▶ **Task goal**
Starting at the first line of the entries below, please return exactly each line up to and including the one with "Masing-masing diantaranya ada"; pictures stay out.

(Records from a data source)
------
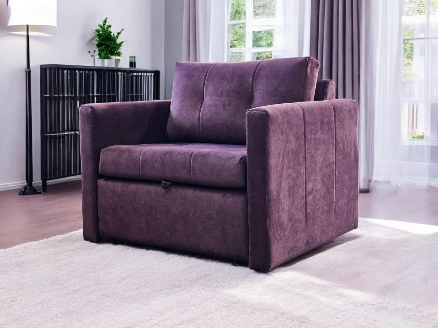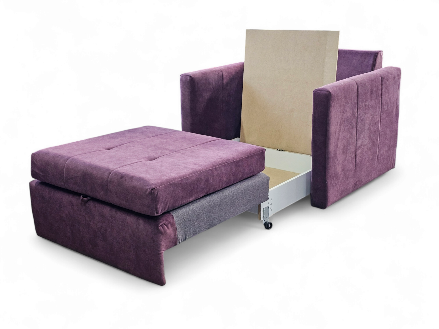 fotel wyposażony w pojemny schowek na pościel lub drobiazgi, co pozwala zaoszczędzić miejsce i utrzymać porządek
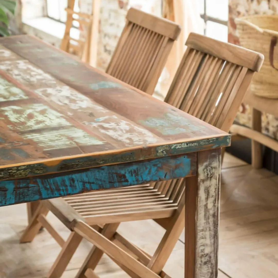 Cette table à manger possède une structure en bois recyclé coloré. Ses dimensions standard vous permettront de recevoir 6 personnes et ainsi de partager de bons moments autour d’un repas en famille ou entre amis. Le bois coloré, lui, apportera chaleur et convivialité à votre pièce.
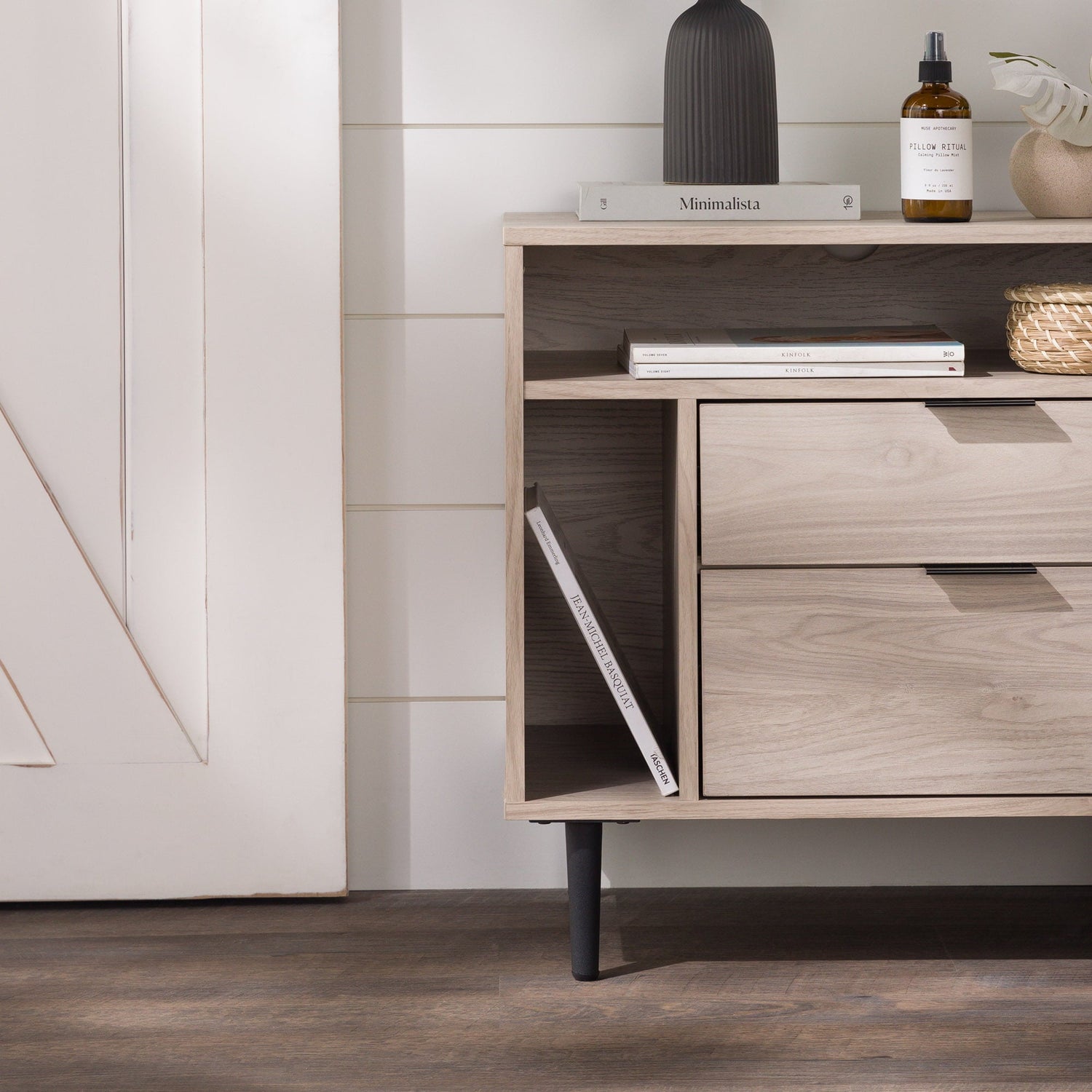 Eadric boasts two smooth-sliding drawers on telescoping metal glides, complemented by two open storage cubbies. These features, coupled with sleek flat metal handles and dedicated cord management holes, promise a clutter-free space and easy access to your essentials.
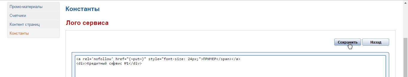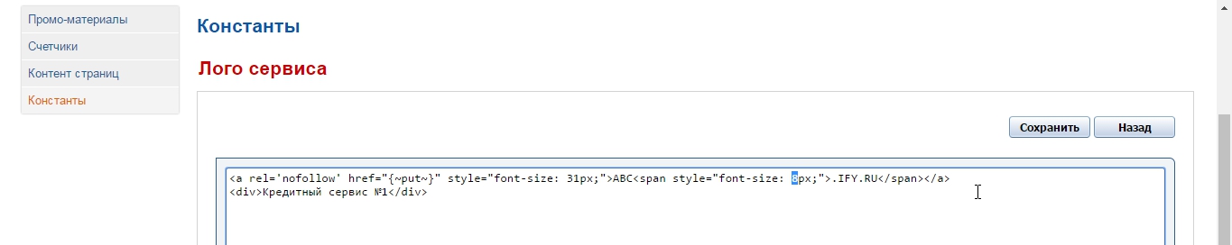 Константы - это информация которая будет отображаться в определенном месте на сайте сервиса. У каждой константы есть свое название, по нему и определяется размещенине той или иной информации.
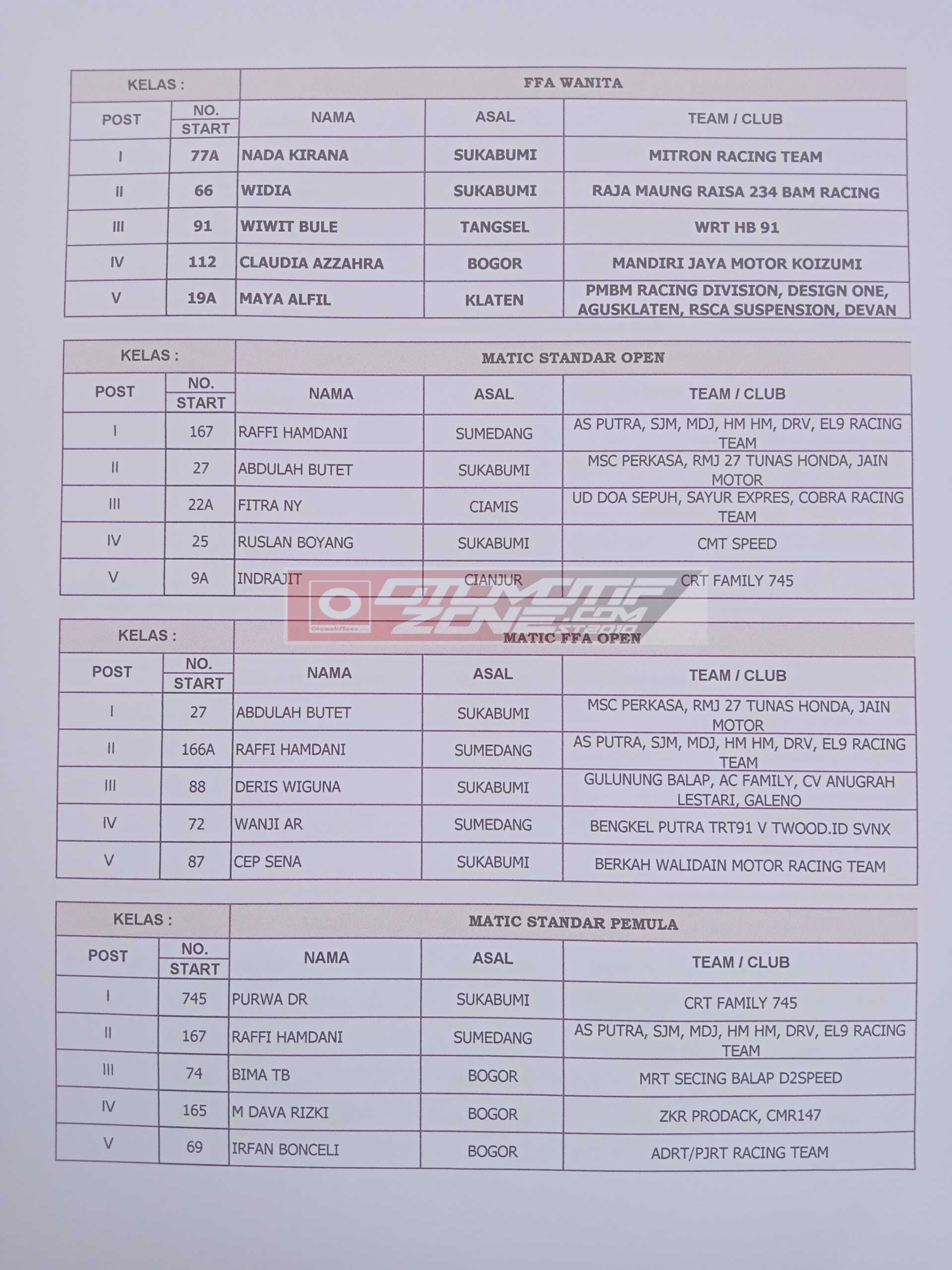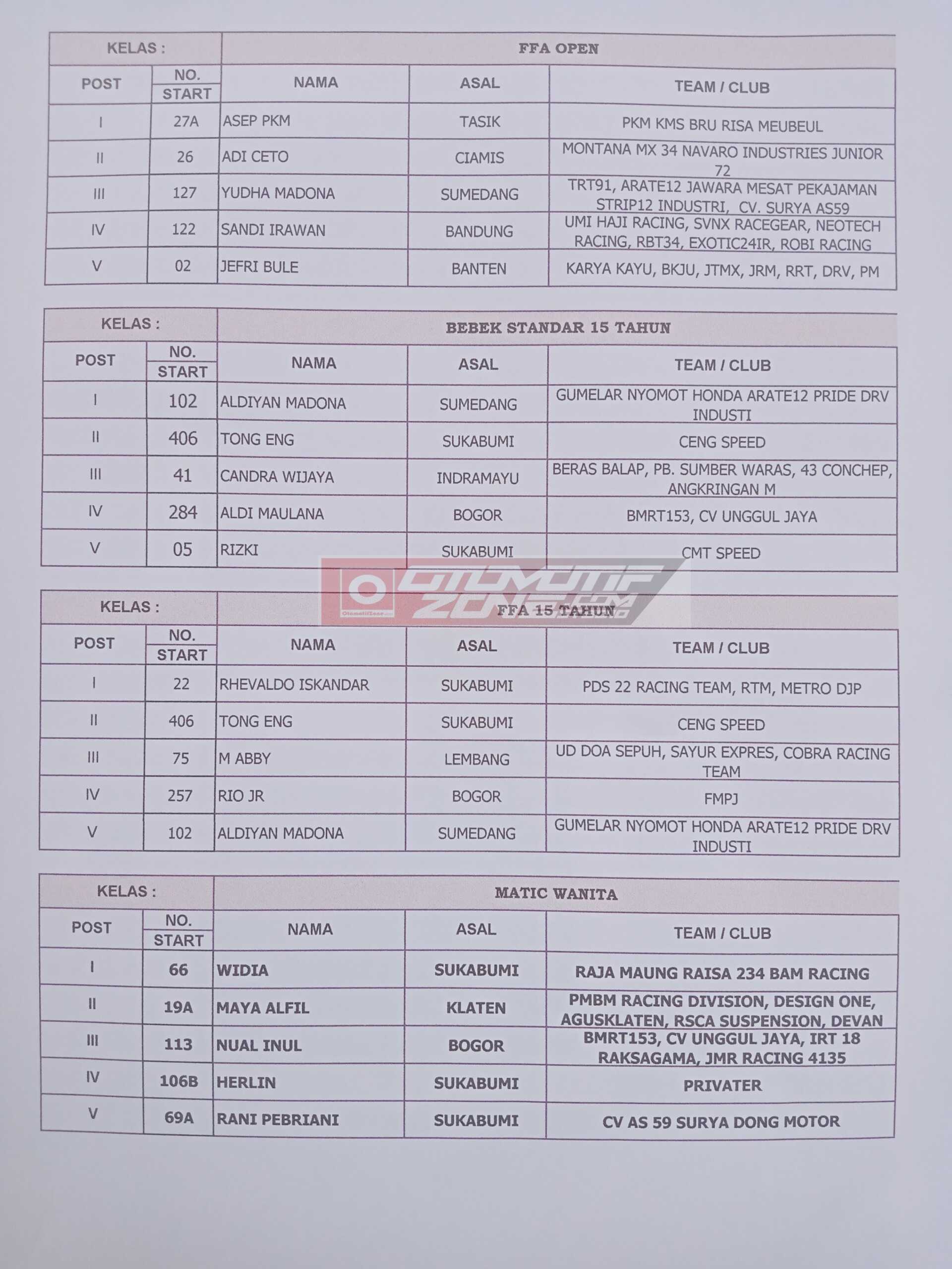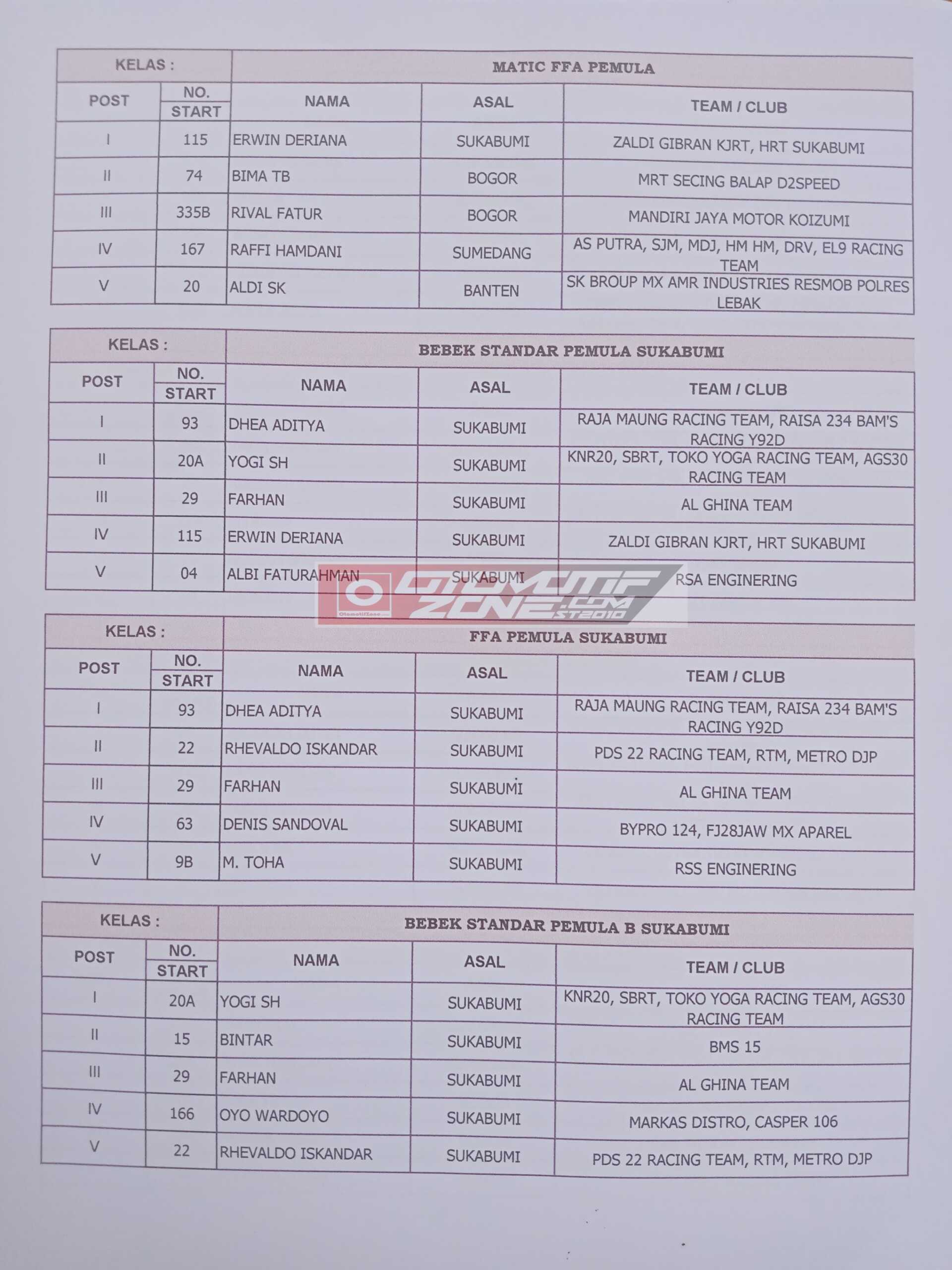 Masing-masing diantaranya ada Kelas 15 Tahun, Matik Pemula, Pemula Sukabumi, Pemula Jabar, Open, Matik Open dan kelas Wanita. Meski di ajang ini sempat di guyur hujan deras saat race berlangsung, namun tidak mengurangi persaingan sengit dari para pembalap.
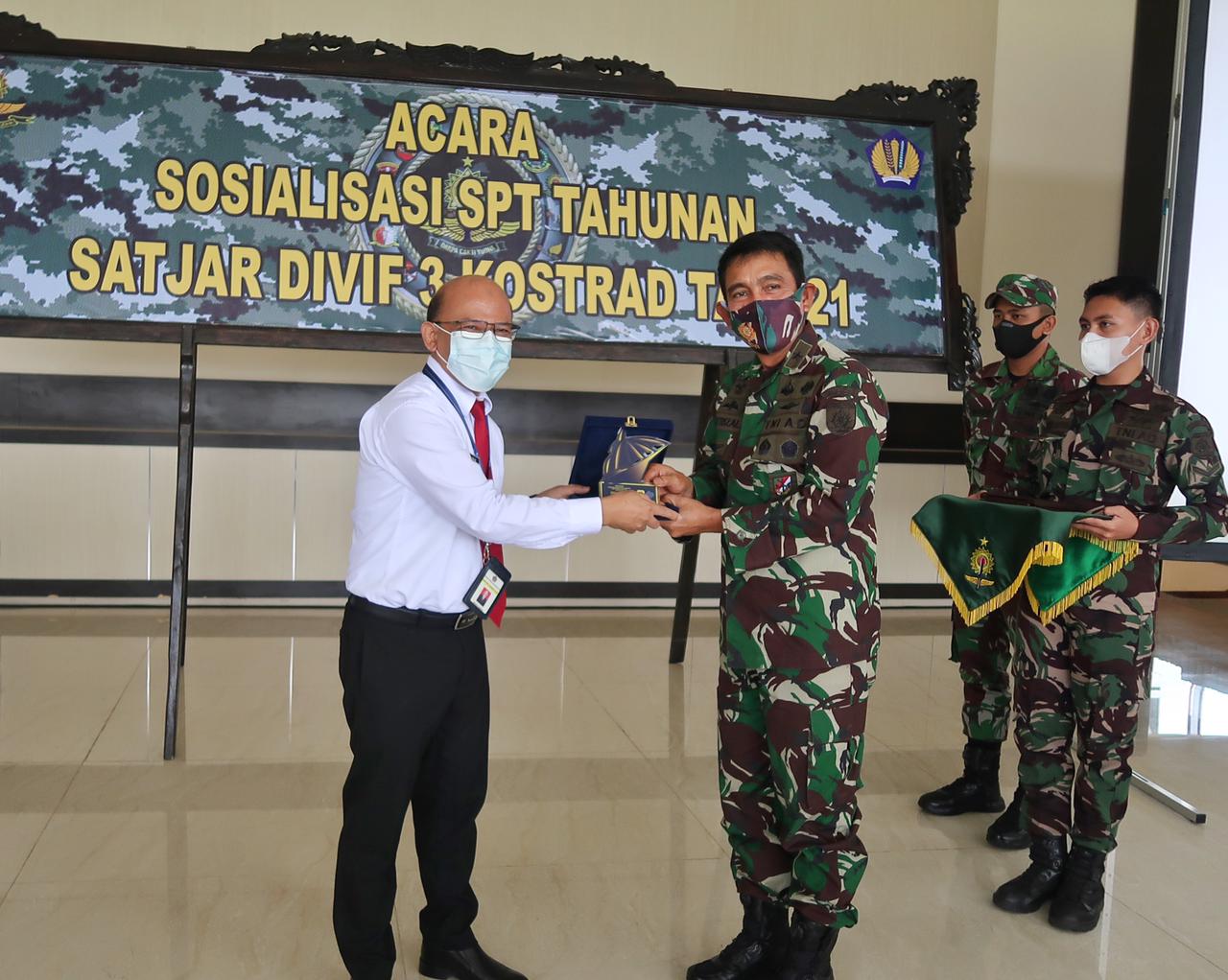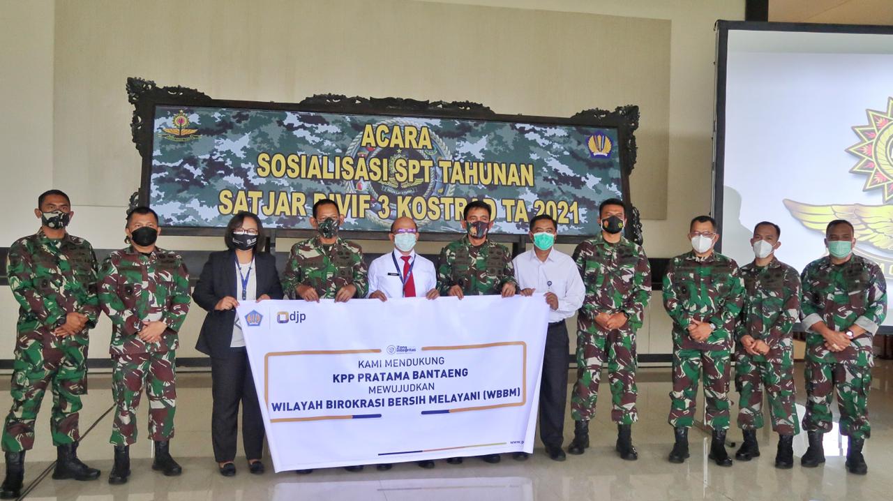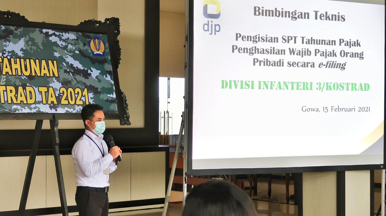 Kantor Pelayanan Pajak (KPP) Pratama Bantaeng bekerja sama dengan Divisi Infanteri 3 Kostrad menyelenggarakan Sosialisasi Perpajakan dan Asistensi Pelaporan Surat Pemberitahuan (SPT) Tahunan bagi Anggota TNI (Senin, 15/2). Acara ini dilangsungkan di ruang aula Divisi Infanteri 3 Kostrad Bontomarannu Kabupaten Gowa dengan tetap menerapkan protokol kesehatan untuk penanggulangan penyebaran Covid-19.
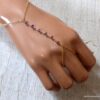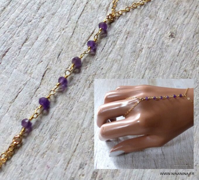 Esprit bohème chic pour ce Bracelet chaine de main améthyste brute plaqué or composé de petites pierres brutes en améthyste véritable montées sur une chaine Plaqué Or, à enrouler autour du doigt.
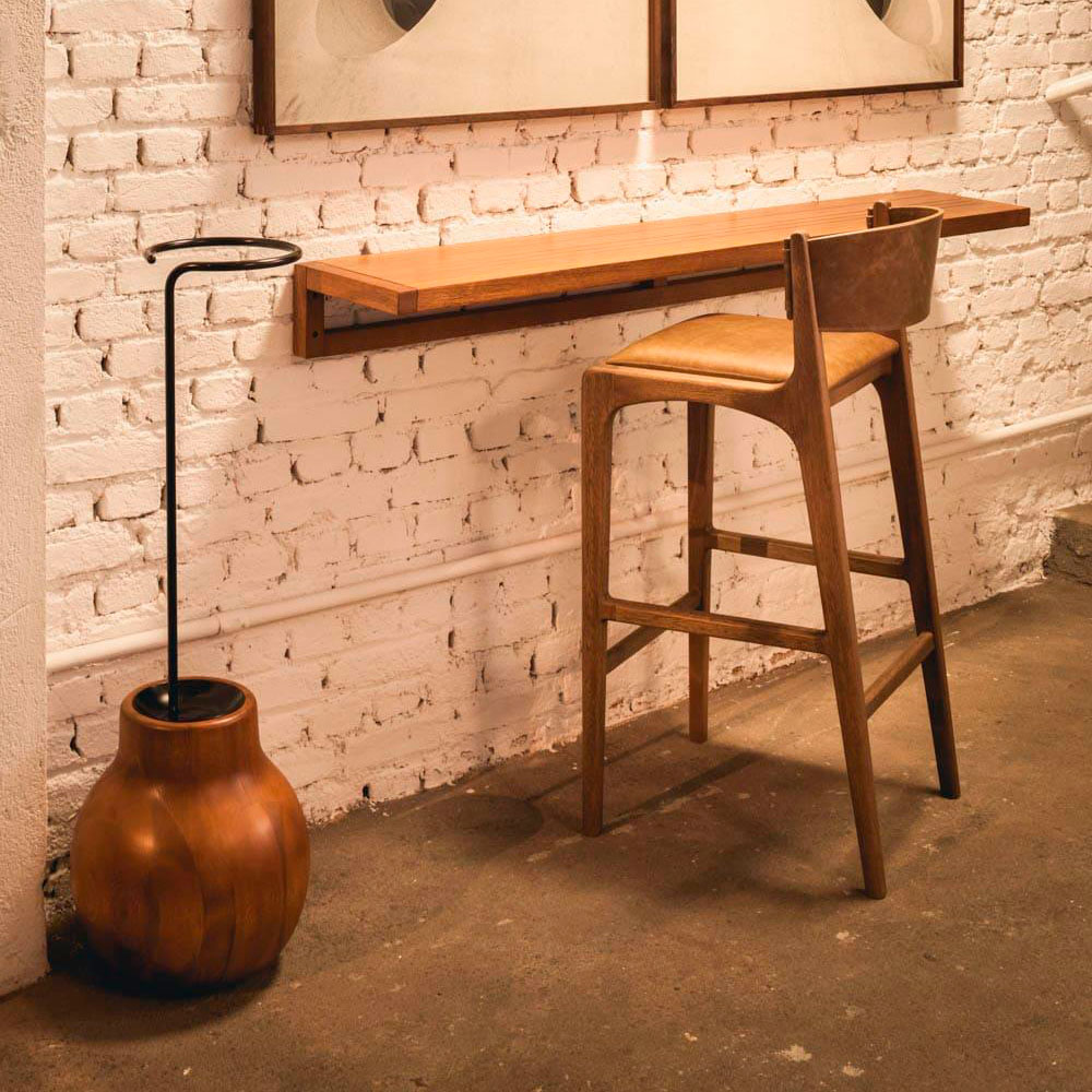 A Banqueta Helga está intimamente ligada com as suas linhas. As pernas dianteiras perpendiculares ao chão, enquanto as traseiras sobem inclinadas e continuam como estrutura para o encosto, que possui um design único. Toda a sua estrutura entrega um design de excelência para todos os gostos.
------
▶ **Answer space**
 fotel wyposażony w pojemny schowek na pościel lub drobiazgi, co pozwala zaoszczędzić miejsce i utrzymać porządek
 Cette table à manger possède une structure en bois recyclé coloré. Ses dimensions standard vous permettront de recevoir 6 personnes et ainsi de partager de bons moments autour d’un repas en famille ou entre amis. Le bois coloré, lui, apportera chaleur et convivialité à votre pièce.
 Eadric boasts two smooth-sliding drawers on telescoping metal glides, complemented by two open storage cubbies. These features, coupled with sleek flat metal handles and dedicated cord management holes, promise a clutter-free space and easy access to your essentials.
 Константы - это информация которая будет отображаться в определенном месте на сайте сервиса. У каждой константы есть свое название, по нему и определяется размещенине той или иной информации.
 Masing-masing diantaranya ada Kelas 15 Tahun, Matik Pemula, Pemula Sukabumi, Pemula Jabar, Open, Matik Open dan kelas Wanita. Meski di ajang ini sempat di guyur hujan deras saat race berlangsung, namun tidak mengurangi persaingan sengit dari para pembalap.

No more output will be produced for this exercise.